Die beiden hockten auf dem Rand des Nestes, das sich ganz weit oben in den allerhöchsten Baumkronen befand. Dann breiteten sie ihre Flügel aus und stürzten sich hinab. Für Kuno, den Harpyiensohn, war es nicht schwer durch das Baum- und Blätterdickicht zu fliegen, doch für den Kuckuck-Willy schon. So kam es wie es kommen musste, er blieb an einer Schlingpflanze hängen, schoss kopfüber auf ein riesiges Blatt und rutschte hinunter auf eine Astgabel, an der er endlich Halt fand. Er schrie: "Kuno, hilf mir, ich weiß nicht, wo ich bin, wie komme ich hier wieder raus?" Keine Antwort. Nur das kreischende Gelärme der vielen Tiere im Regenwald war zu hören. Ihm gegenüber leuchtete mit ihrer roten Farbe eine merkwürdige Blüte, die aussah wie eine Tonne oder eine Kanne mit Deckel. Willy wusste nicht warum, aber er fürchtete sich vor ihr und bemühte sich, ihr nicht zu nahe zu kommen. Wieder rief er nach seinem Bruder: "Kuno, bitte, hol mich hier raus!"


Willy geht zögernd der lockenden gefährlichen Pflanze entgegen - Buntstiftzeichnung: © 2022 by Schattenblick

Kuckuck Willy vor der gefährlichen Blüte
Buntstiftzeichnung: © 2022 by Schattenblick


Die Pflanze verströmte einen süßlichen, eigentlich leckeren Duft und es schien Willy beinahe so, als könne er sie hören: "Komm, kleiner Vogel, trink von mir!"

Willy hatte Angst, wusste nicht, was er davon halten sollte. Wieder säuselte die Blüte: "Wenn du von mir trinkst, wirst du groß, stark und mächtig."

Willy überlegte: "Groß, stark und mächtig, so wie mein Bruder Kuno. Das wäre toll, dann könnte ich mich auch selbst befreien und nach Hause fliegen."

Der kleine Kuckuck zögerte noch, sollte er es wagen? Es war zu verlockend, Willy wäre gern so groß wie Kuno. Ja, er entschloss sich, von der Blüte zu trinken.

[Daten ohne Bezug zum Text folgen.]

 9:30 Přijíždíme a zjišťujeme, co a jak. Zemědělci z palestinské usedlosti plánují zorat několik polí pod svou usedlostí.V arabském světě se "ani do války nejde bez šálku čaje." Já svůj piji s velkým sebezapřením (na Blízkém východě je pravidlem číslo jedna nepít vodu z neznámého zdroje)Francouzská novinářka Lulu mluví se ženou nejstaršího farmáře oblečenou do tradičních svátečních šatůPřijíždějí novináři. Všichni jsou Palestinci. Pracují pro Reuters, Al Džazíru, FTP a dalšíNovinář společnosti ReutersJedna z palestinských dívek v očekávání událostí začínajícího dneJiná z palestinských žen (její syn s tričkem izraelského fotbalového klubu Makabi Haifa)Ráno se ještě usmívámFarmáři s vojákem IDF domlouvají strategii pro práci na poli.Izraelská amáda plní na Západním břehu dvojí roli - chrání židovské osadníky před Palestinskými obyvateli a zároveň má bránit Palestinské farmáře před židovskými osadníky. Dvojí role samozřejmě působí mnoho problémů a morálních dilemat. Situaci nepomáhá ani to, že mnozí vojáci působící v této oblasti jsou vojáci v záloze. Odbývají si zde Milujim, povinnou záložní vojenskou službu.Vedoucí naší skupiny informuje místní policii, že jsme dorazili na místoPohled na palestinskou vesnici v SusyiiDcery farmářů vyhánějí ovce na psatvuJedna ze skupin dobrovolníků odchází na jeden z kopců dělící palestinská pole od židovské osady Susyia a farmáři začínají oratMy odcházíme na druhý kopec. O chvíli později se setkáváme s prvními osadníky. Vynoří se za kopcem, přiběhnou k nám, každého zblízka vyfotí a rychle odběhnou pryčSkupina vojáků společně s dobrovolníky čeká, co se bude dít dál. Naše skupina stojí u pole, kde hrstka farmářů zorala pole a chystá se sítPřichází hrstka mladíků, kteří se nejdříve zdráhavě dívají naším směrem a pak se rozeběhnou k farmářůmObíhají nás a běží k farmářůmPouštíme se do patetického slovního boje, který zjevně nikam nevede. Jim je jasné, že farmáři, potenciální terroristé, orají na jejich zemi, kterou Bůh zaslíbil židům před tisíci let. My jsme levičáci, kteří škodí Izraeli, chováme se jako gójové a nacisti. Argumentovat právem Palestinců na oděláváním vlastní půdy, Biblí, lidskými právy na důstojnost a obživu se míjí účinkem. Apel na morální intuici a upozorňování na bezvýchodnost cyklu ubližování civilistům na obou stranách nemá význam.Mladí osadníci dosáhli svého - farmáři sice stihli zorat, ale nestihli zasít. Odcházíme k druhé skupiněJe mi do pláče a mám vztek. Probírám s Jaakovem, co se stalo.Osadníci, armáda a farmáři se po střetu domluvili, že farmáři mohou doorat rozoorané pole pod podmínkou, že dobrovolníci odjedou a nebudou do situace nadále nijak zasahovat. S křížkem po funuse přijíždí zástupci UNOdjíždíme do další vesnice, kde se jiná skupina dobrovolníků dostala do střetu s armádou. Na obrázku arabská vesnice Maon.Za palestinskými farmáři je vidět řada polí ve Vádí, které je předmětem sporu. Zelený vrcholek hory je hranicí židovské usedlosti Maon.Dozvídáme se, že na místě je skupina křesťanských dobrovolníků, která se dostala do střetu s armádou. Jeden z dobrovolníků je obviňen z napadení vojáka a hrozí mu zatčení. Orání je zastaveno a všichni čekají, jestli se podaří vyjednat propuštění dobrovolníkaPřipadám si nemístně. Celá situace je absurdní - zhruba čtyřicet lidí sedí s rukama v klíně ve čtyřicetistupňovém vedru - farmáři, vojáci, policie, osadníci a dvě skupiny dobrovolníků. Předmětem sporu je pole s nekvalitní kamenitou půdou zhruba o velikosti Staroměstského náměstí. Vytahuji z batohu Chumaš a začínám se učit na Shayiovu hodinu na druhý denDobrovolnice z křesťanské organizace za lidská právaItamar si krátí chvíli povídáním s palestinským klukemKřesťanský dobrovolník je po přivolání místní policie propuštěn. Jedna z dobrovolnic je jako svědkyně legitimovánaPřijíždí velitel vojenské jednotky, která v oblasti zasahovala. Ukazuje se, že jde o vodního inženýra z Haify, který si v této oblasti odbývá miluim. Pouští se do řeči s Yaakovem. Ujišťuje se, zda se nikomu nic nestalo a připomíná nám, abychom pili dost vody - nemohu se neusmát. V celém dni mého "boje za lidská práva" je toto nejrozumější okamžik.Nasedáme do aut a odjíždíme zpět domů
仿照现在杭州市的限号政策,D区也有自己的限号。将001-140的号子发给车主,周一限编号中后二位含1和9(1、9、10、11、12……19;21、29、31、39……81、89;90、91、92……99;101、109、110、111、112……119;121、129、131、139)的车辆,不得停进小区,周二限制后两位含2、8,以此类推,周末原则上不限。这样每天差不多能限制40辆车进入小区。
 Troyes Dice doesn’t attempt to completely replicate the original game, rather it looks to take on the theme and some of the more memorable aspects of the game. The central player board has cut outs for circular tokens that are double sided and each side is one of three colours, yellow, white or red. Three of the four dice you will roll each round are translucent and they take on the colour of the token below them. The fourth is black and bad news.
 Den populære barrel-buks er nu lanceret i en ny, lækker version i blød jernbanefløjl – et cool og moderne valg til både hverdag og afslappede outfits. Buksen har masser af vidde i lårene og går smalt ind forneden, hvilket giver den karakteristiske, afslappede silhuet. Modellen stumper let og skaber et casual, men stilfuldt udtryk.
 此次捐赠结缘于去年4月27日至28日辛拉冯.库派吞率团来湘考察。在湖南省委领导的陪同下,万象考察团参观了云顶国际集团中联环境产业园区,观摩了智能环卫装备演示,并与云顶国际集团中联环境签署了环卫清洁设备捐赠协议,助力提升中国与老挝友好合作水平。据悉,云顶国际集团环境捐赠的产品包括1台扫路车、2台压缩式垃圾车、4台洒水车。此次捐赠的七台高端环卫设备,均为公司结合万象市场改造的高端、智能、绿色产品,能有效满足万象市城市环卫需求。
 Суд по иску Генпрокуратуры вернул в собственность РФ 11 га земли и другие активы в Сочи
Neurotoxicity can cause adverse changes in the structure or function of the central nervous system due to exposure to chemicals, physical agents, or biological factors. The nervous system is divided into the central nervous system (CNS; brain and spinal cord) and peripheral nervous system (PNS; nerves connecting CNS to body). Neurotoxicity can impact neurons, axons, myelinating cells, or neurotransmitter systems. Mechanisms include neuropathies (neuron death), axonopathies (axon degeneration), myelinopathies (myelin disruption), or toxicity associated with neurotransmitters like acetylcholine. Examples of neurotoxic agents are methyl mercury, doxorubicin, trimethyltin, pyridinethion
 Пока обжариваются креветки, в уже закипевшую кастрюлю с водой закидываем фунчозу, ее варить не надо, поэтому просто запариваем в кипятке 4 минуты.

Vorsichtig setzte er einen Fuß vor den anderen und abermals vernahm er ein Flüstern: "Nur keine Scheu, komm näher!"

Im selben Moment stürzte die Harpyienmutter hinab, Zweige brachen, Blätter knickten und dann ergriff sie Willy mit ihren großen Krallen, hielt ihn vorsichtig fest und flog hinauf in Richtung Nest, in dem Kuno schon wartete.

"Das war knapp, mein lieber Sohn, beinahe wärst du gefressen worden," schimpfte die Vogelmutter, war aber eigentlich glücklich, dass sie Willy retten konnte. Sie hatte seine Hilferufe gehört, Kuno nach Hause geschickt und blitzschnell den kleinen Kuckuck befreit. Willy erschrak: "Wie kann das sein, es war doch eine Blüte, sie versprach, mich groß, stark und mächtig zu machen, wenn ich von ihr trinke."

"Hättest du das tatsächlich getan, dann hätte sie dich gefangen, du wärst in sie hineingefallen und von ihr gefressen worden! Du musst wissen, sie ist eine fleischfressende Pflanze und verspeist auch so kleine Leute wie dich. Also Willy, bleib lieber klein, bleib einfach so wie du bist, hörst du!", sprach die Vogelmutter sehr ernst zu ihm. Willy versprach es ihr.

Kuno richtete sich zu seiner vollen Größe auf und sagte ganz feierlich: "Willy, hab keine Angst, ich passe auf dich auf und zeige dir alle Gefahren, die hier im Urwald auf dich lauern. Ich beschütze dich, ob du nun groß oder klein bist, schließlich bin ich dein Bruder."

Nach diesem Schreck war Willy einfach nur glücklich, darüber dass er noch lebte und darüber, dass er einen Bruder und eine mächtige Mutter hatte, und er fühlte sich sicher und geborgen, eben zu Hause.